The various fields shown on the OCA Advanced Search screen will be ANDed together before searching. All fields are insensitive to case.
It is a good idea to use the "Clear form" button before initiating any new searches. Once the constraints are set, click on the "Search" button to begin.
The full text searches used by OCA are based on the Glimpse indexing and query system. Once the search has been concluded, you may choose to view an entry using Rasmol, MAGE, or a VRML browser. Links to other resources such as SCOP and Entrez are presented when they exist. Any or all of the files may be displayed and downloaded with just the header information or complete with the coordinates, in PDB or mmCIF format.
Simply enter you search string into the desired fields and click on the Search button. Hits found within the released entries are listed first, then any hits from the pending entries. If there are no hits, the browser may provide suggestions of similar words from which you can make a choice, or you can enter another word for a subsequent search.
Following a search, OCA presents you with the field searched, number of hits, your query and our suggestions, along with an output message and the chance to choose a suggested term an begin a new search. You may choose to refine your search if it results in more than 100 hits. You may download the list of returned ID codes for further reference, or select one ID code and retrieve it.
Retrieval presents you with the Atlas page. From this you may display and download the header information of the PDB file or the complete coordinate entry, in PDB or mmCIF format.

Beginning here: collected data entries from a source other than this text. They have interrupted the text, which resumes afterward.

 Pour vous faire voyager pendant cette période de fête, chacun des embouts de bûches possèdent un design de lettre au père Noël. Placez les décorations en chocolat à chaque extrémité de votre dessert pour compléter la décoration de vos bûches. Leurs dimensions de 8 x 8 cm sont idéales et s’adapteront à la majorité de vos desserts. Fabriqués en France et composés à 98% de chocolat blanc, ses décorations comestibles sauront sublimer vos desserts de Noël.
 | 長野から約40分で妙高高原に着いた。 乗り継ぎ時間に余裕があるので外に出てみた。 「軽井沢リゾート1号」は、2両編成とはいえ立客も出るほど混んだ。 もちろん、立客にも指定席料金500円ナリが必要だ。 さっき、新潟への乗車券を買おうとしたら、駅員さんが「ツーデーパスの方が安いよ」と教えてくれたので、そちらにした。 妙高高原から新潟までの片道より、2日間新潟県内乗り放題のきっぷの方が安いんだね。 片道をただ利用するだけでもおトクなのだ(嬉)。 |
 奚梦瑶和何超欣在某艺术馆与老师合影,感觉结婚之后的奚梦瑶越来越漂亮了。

If the entry has an associated structure factor or NMR restraints file, a PDB-generated biomol file, or a MacroMolecule(s) file created by EBI, you may view the data from here.
You may choose to view a structure using Rasmol, MAGE, or a VRML browser installed on your computer.

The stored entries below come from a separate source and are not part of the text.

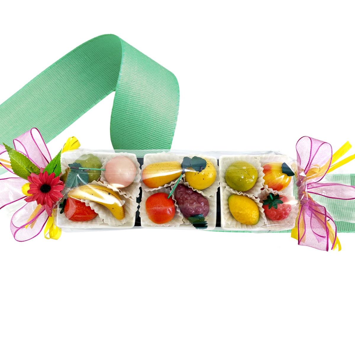 Un élégant ensemble de trois ramequins en céramique garni de 15 délicieuses pâtes d’amande artisanales, façonnées à la main en de jolis fruits colorés et brillants.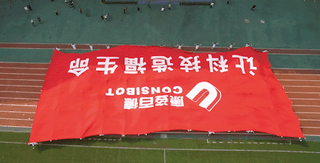 活動伊始,伴隨著慷慨激昂的《走向復興》音樂,一幅608平方米的巨型“讓科技造福生命”紅旗步入賽場。康姿百德工作人員高舉旗幟,整齊自如地緩緩前行,給人以極大的視覺沖擊。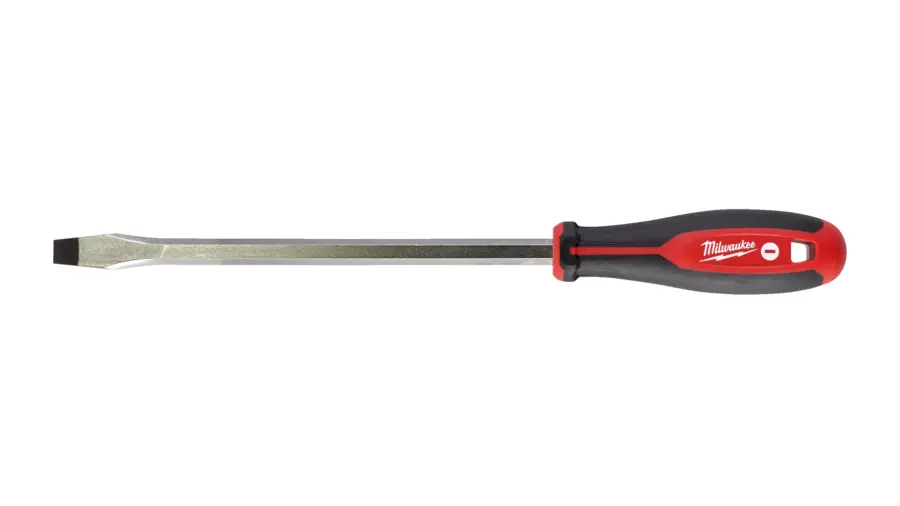 Samostatný plochý šroubovák výrobce Milwaukee, SL (plochý), šíře konce hrotu 1,6 mm, průměr dříku 10 mm, délka šroubováku 200 mm, Tri-lobe ergonomická trojhranná rukojeť, upravený dřík přizpůsobený k dotažení klíčem, tvrzený magnetický hrot pro maxim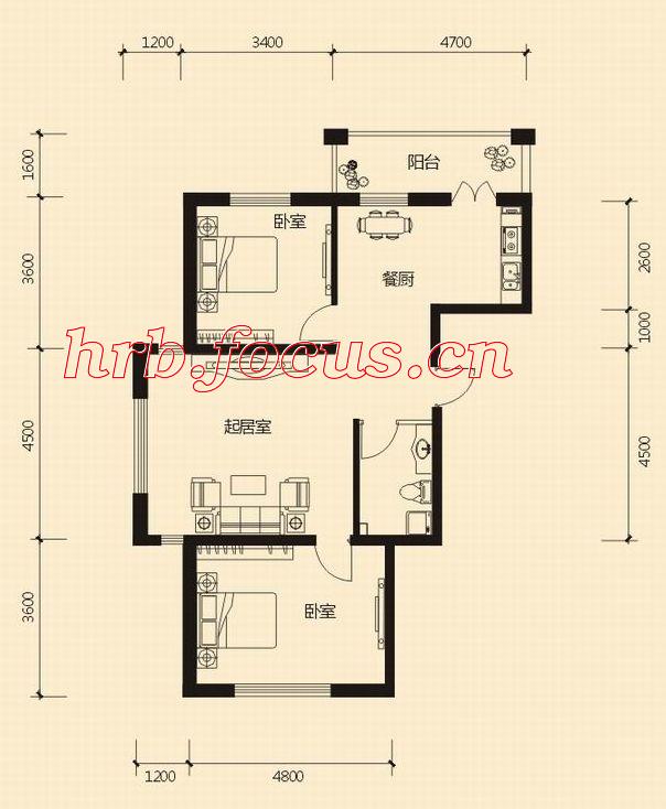 2室2厅1卫-47#B6 二室两厅70.16㎡

Links to other Web resources such as SCOP, NDB, Entrez, PDBREPORT, MMDB, ESTHER, PDBSUM, and DALI are presented when they exist, and these links are updated nightly.

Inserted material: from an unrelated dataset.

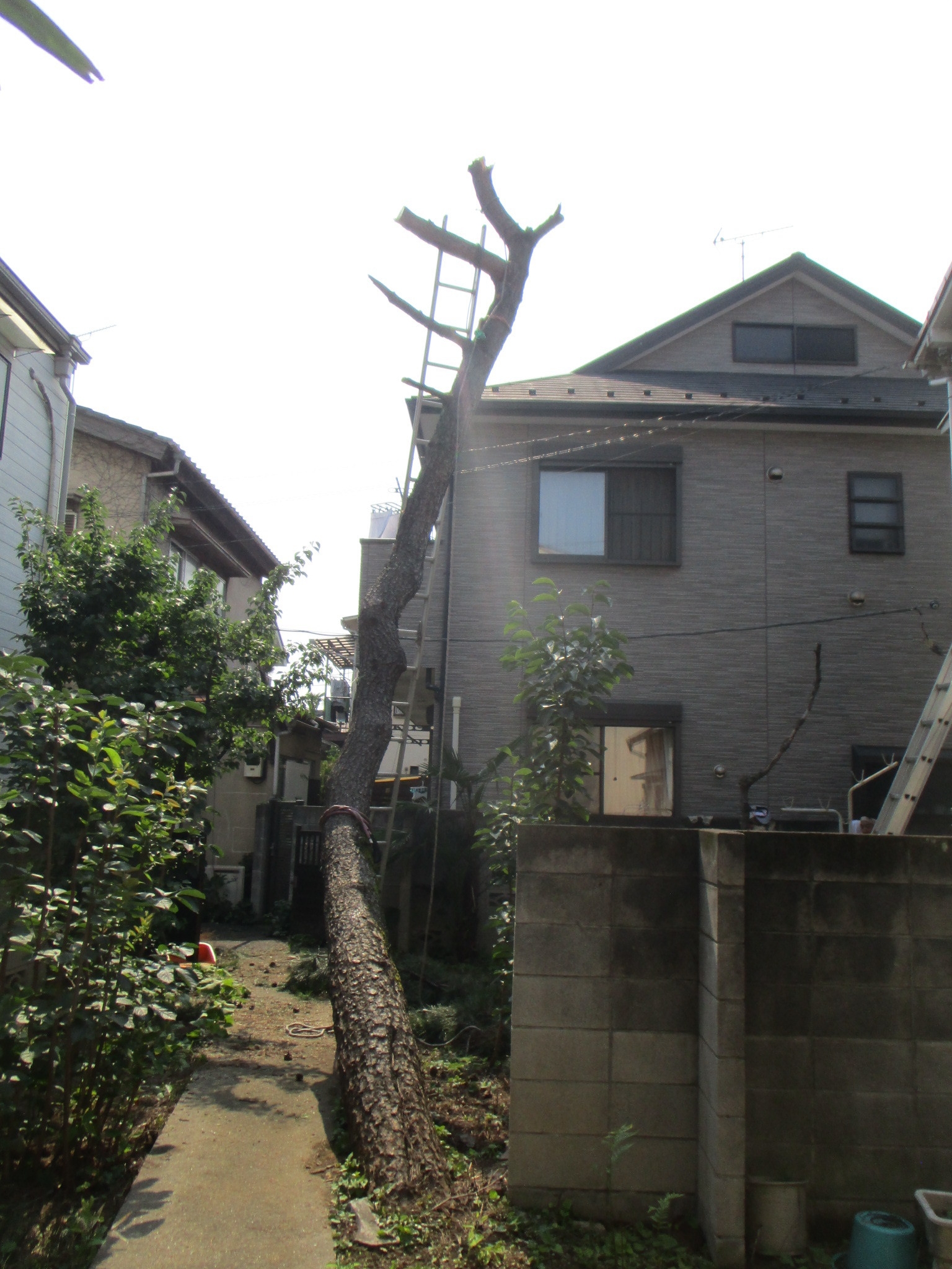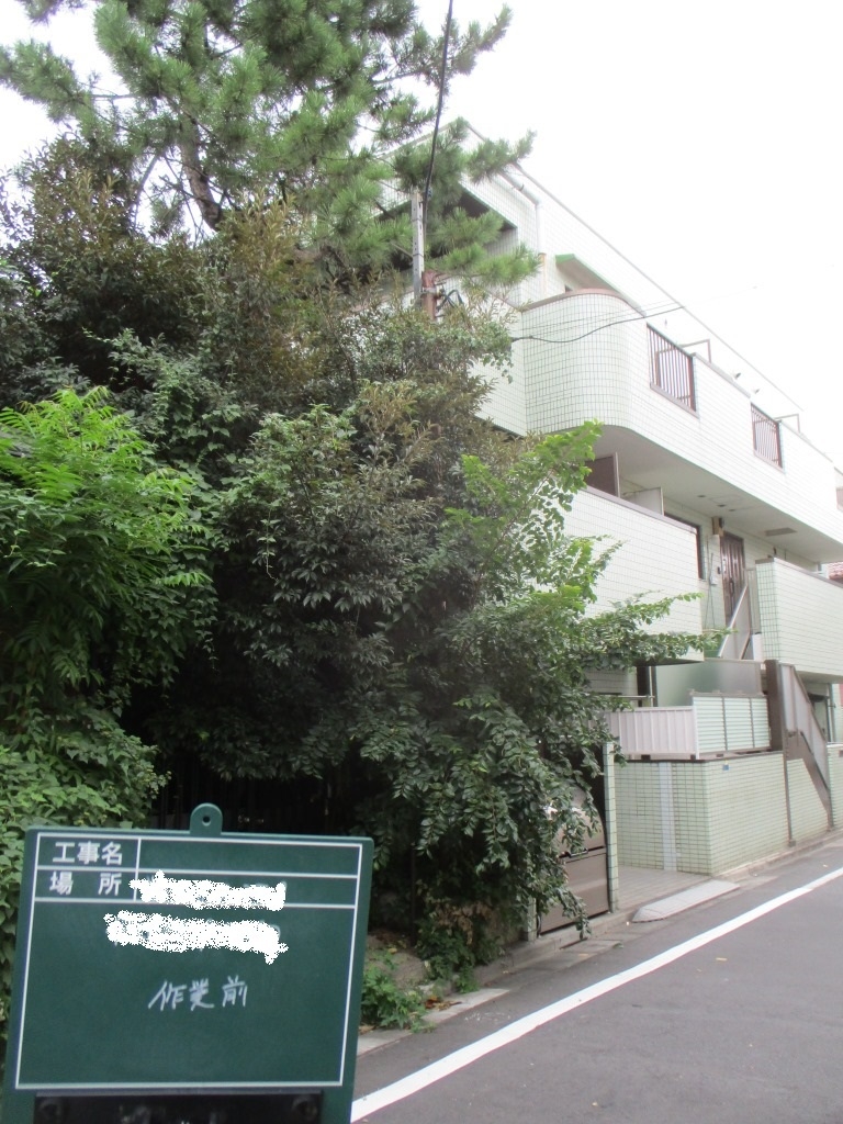 空き家で、木が伸びて道路まで飛び出して、隣りのマンションににも枝が伸び放題な現場でした。

Finally, you may enter another PDB ID code or return to the OCA main page from the bottom of the Atlas page.
The search fields of OCA are:
PDB ID code Four-character accession code Keyword Molecule name, class or family, or related term Author Family name of depositor or author of associated publication Text query Any word in the complete PDB text FASTA Search Fasta search of the sequence Experiment Method of structure determination Resolution A unique value or range of values, in Angstroms Space group Both extended and standard Hermann-Mauguin symbols Organism Trivial name, systematic name or expression system. Date (lower) Date entry was released or updated Date (upper) Date entry was released or updated Associated group Prosthetic group, metal ion, ligand or substrate, or its three letter PDB abbreviation
Boolean Searches and Wild Cards This version of OCA includes NOT, OR and 'Wild-cards' search.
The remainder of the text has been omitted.